Il decreto introduce anche nuove detrazioni fiscali per coloro che guadagnano tra 28mila e i 40mila euro: queste detrazioni caleranno mano a mano che aumenta il reddito. Chi guadagna fino a 35mila euro l’anno, per esempio, avrà una detrazione da 80 euro al mese, mentre sopra i 40mila la detrazione sarà azzerata. Circa l’80 per cento dei contribuenti italiani dichiara un reddito inferiore a 28mila euro l’anno (la cifra massima alla quale si ha diritto al bonus per intero), mentre il 90 per cento dichiara di guadagnarne meno di 40mila. Il bonus e le detrazioni saranno percepite comunque solo dai lavoratori dipendenti, ed entreranno in vigore da luglio. Con questo sistema, scrive il governo nel comunicato con cui annuncia la misura, i beneficiari del bonus IRPEF passeranno da 11,7 a 16 milioni.

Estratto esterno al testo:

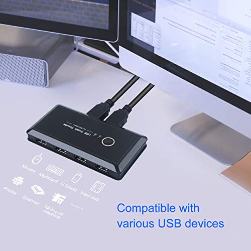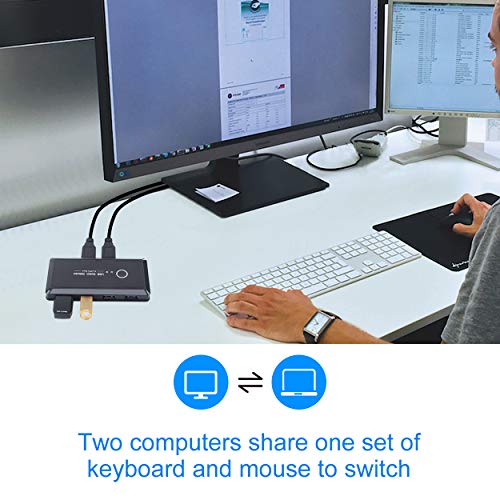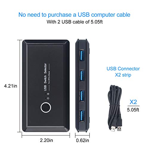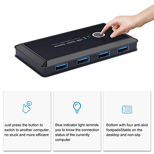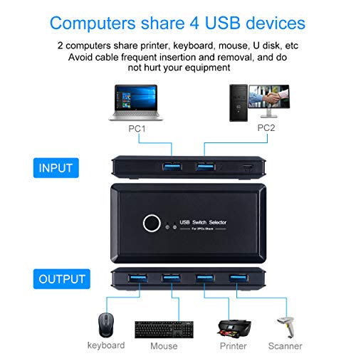 【 2 in 4 Out KVM Switches】USB Switch 3.0 Selector. share keyboard with two computers. allows 2 Computers to share 4 USB 3.0 peripheral devices, without the need to constantly swap cables or set up complicated networks sharing software. It’s great for use at home/office if you have multiple computers or Macs.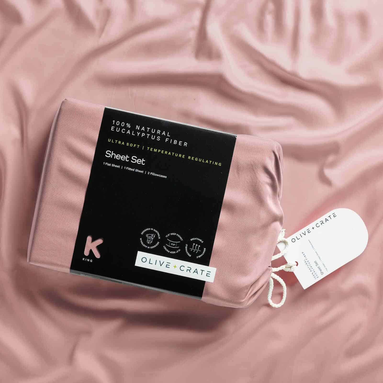 Juego de sábanas King Size Olive + Crate Luxury -Rosado Rubo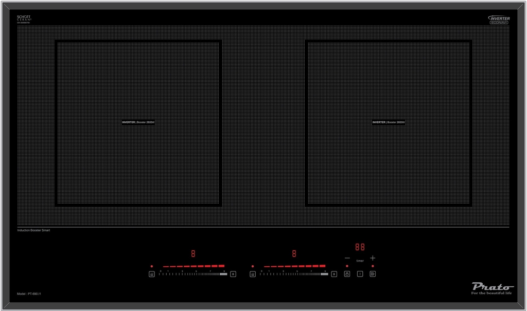 Bếp từ đôi Prato PT-690.I1 chủ động thiết kế hai vùng nấu với phong cách châu Âu, tinh tế và lịch lãm.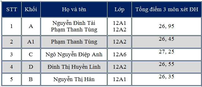 Sáng ngày 14/7/2019, Bộ Giáo dục đã công bố điểm thi THPT Quốc Gia năm 2019. Theo căn cứ đó, Trường ta đã đạt kết quả thật tuyệt vời. Trên 400 học sinh có điểm trung bình 3 môn xét ĐH là trên 20 điểm. Đặc biệt số thí sinh có tổng điểm 3 môn xét ĐH trên 26 là 13. Tổng điểm trên 24 có hơn 70 học sinh. Trong đó thủ khoa các khối của trường ta như sau: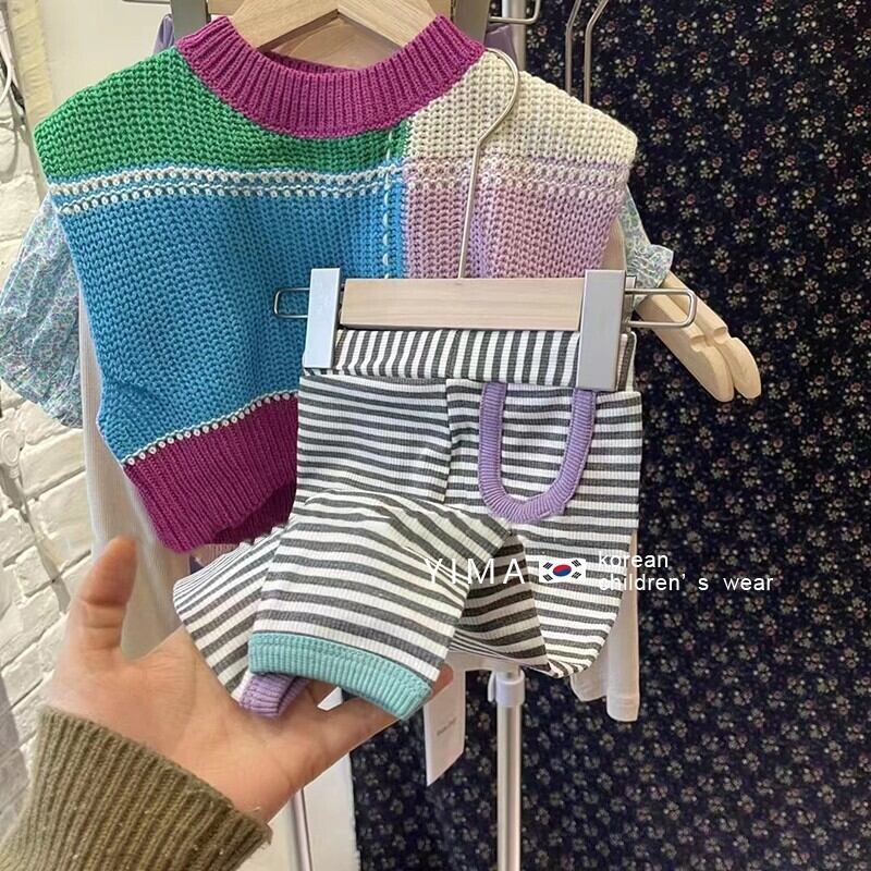 色:カラフルなベスト,ホワイトボトミングシャツ,ストライプパンツ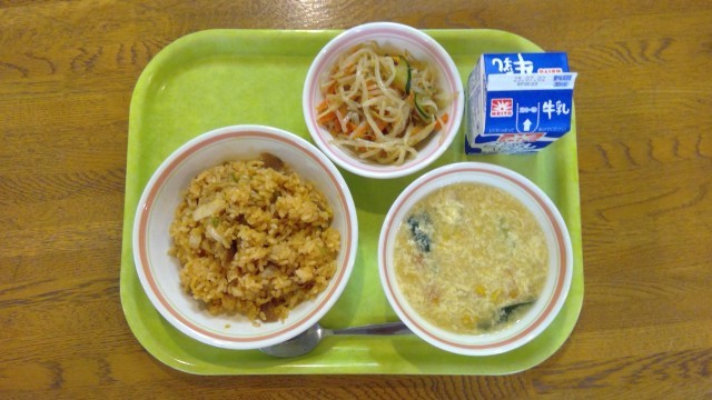 給食だより 6月26日(木) 公開日 2025/06/26 更新日 2025/06/26 今日の給食 今日の献立・キムチチャーハン・牛乳・切り干し大根のナムル・中華コーンスープ★今日は、「キムチの体内の働き」について、給食メモでクラスにお知らせをしました。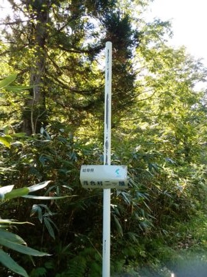 本来の目的は峠のすぐ先で分岐している県道34号なのだが、ひとまず北へ。所々に現れる標識は曲がっていたり無かったり。全て冬季の積雪によるものだろう。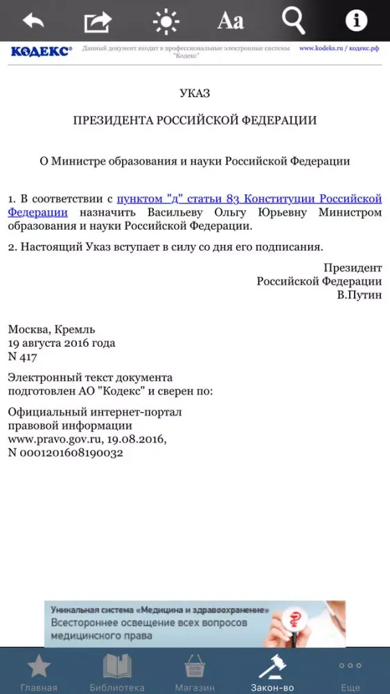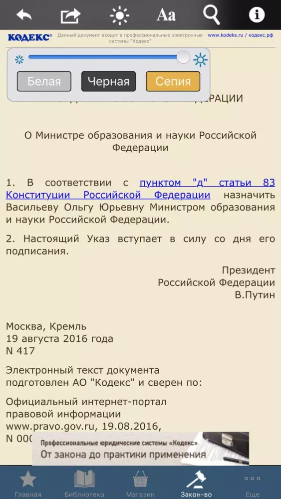 В данном приложении собраны все Кодексы, основные Федеральные Законы РФ и другие нормативно-правовые акты, а также Комментарии к Кодексам и Законам, учитывающие новейшие изменения и дополнения. Приложение использует наиболее актуальную и полную информацию, предоставленную ведущими специалистами в области права и непрерывно обновляется, что имеет первостепенное значение в работе с юридической литературой.
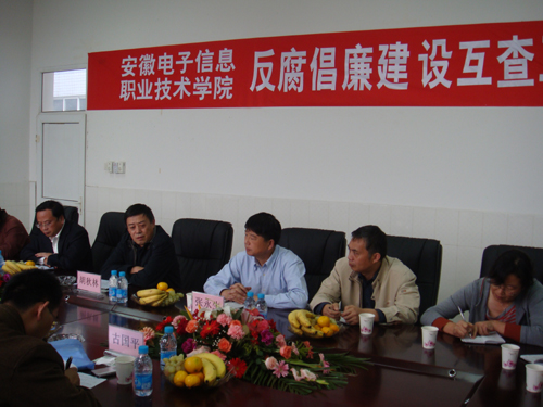 在听取汇报后,考评组副组长、安徽理工大学纪委副书记王振斌同志主持召开了相关部门主要负责人座谈会。监察审计处、组织人事处、院办公室、教科处、行政管理处、后勤集团、财务处、学生处、招生就业指导中心等部门的主要负责同志先后发言,介绍了本部门在反腐倡廉建设中的具体做法和对有关问题的思考。

In tutto il provvedimento dovrebbe costare 3 miliardi nel 2020, poiché sarà erogato soltanto per sei mesi. Al momento viene indicato come una misura sperimentale. Se nel 2021 sarà confermato, il suo costo a pieno regime dovrebbe aggirarsi intorno ai 6 miliardi di euro l’anno.
Il taglio del cosiddetto “cuneo fiscale” – la differenza tra la cifra lorda pagata ai lavoratori dipendenti e quella netta che percepiscono a tutti gli effetti – era stato promesso dal secondo governo Conte fin da settembre, ed era stato presentato come la misura più simbolica dell’attuale governo. Lo stanziamento da 3 miliardi di euro per la misura era stato previsto nella legge di bilancio dello scorso dicembre, ma l’elaborazione dei dettagli della norma è stata ultimata soltanto nelle ultime settimane.
La misura sfrutta l’impianto normativo del bonus da 80 euro, che tecnicamente non è un taglio di tasse ma un trasferimento di denaro pubblico: per questo viene chiamato “bonus” e, in base alle regole di contabilità pubblica internazionale, non viene conteggiato come riduzione delle tasse (un fatto che all’epoca della sua introduzione causò molto polemiche). La misura era stata contestata duramente soprattutto dal Movimento 5 Stelle – Di Maio li definì «mancetta elettorale», una misura che «non ha rilanciato l’economia», introdotta da Renzi col benestare dell’Europa in cambio dell’autorizzazione a far sbarcare i migranti in Italia – che però non solo non ha mai voluto abolirla da quando è al governo, ma oggi ne ha anche sostenuto e votato l’estensione in Parlamento.
Al vecchio bonus la nuova norma aggiunge una nuova detrazione fiscale vera e propria, destinata a coloro che guadagnano troppo per ricevere il bonus. In precedenza, poche decine di euro in più o in meno in busta paga facevano la differenza tra ottenere il bonus e non ottenerlo per nulla, costringendo molte persone a restituire il bonus ricevuto a fine anno. Con la detrazione calante, invece, la differenza tra chi guadagna fino a 28mila euro, e riceve il bonus per intero, e chi guadagna di più viene attenuata dalla detrazione calante che si azzera solo superati i 40mila euro di reddito annuo.